The following is taken from John D. Dixon, Problems in Group Theory, page 83. I have some questions concerning the solution.
Find the normalizer $N$ of the subgroup $\langle (1 2 3 \cdots n) \rangle$ in the symmetric subgroup $S_n$, ($n \ge 1$)

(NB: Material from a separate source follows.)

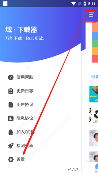 4、要设置存储位置的话,点击右上角进入菜单,选择设置;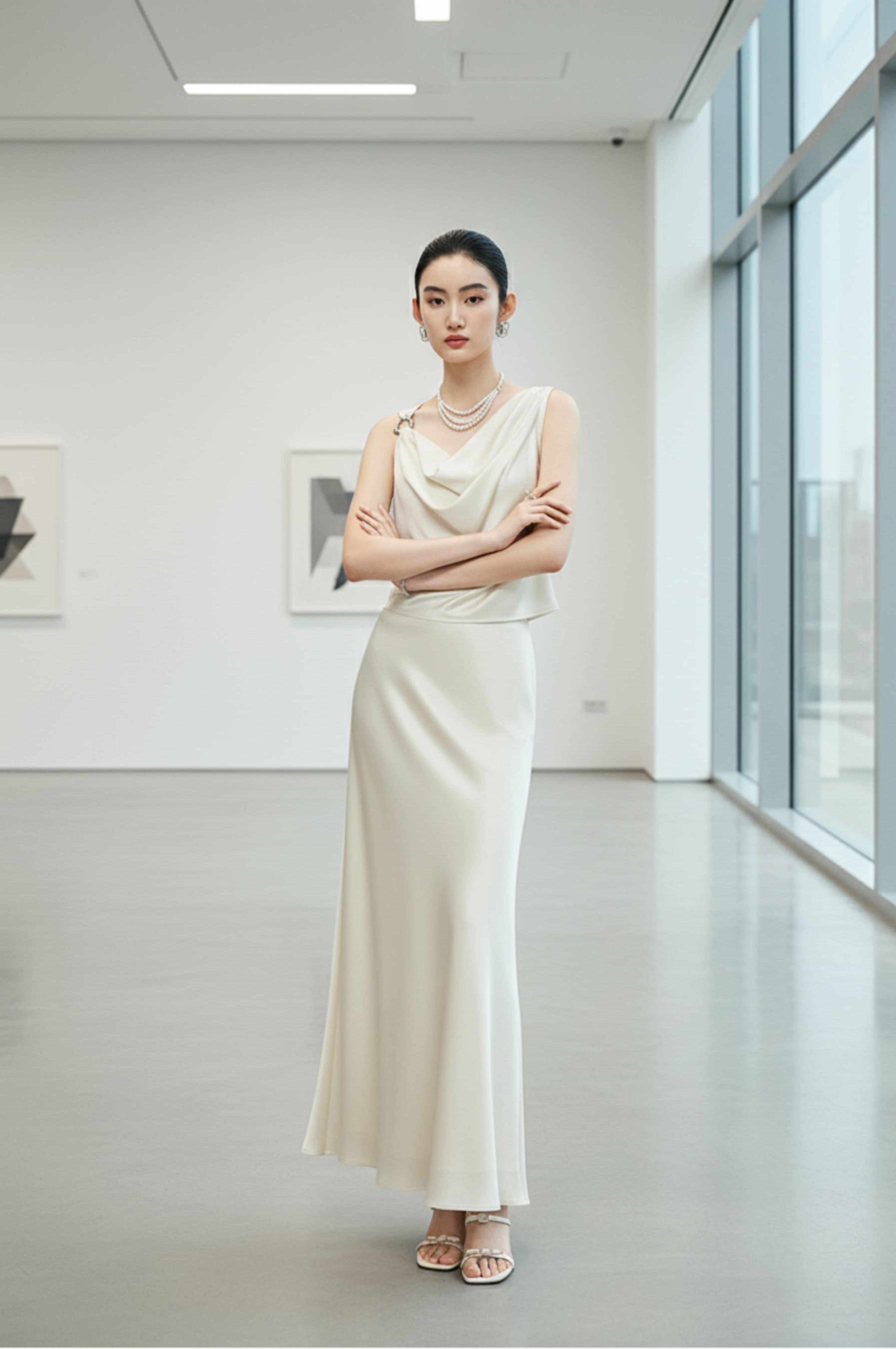 "Aura Set" là một bản giao hưởng của sự mềm mại và cá tính, một cuộc đối thoại đầy duy mỹ giữa hai mảnh ghép hoàn hảo: áo cổ đổ và chân váy lụa dài. Đây là câu trả lời cho câu hỏi mặc gì đi tiệc sang trọng mà vẫn thể hiện được cá tính riêng.

Solution: If $x \in N$, then $x^{-1}(1 2 \cdots n)x = (1^x 2^x \cdots n^x)$, where $x$ maps the letter $i$ onto $i^x$. Since $x^{-1}(1 2 \cdots n)x$ generates $\langle(1 2 \cdots n)\rangle$, it is equal to $(1 2 \ldots n)^k$ for some integer $k$ relatively prime to $n$. Thus $i^x + k \equiv (i+1)^x \pmod{n}$ for $i = 1,2,\ldots, n$. In particular, it follows that $i^x = k(i-1) + i^x \pmod{n}$. Thus $x$ is a permutation of the form $i^x = ki + l \pmod{n}$, where $k$ and $l$ are integers, $0 \le k, l < n$, with $k$ relatively prime to $n$. Conversely, any permutation of this form is in $N$.
Should "$i^x + k \equiv (i+1)^x \pmod{n}$ for $i = 1,2,\ldots, n$" be changed to: $i^x + k \equiv (i+1)^x \pmod{n}$ for $i = 1,2,\ldots, n-1$ and $n^x + k \equiv 1^x \pmod{n}$?
"[...] the form $i^x = ki + l \pmod{n}$" should by replaced by "[...] the form $i^x = k(i-1) + l$" and the following phrase should be added: "with $i = 2,\ldots, n$ and $1^x = l$ for $1 \le l \le n$" (instead of $0 \le l < n$)
Am I right, or is the original proof fine as it stands?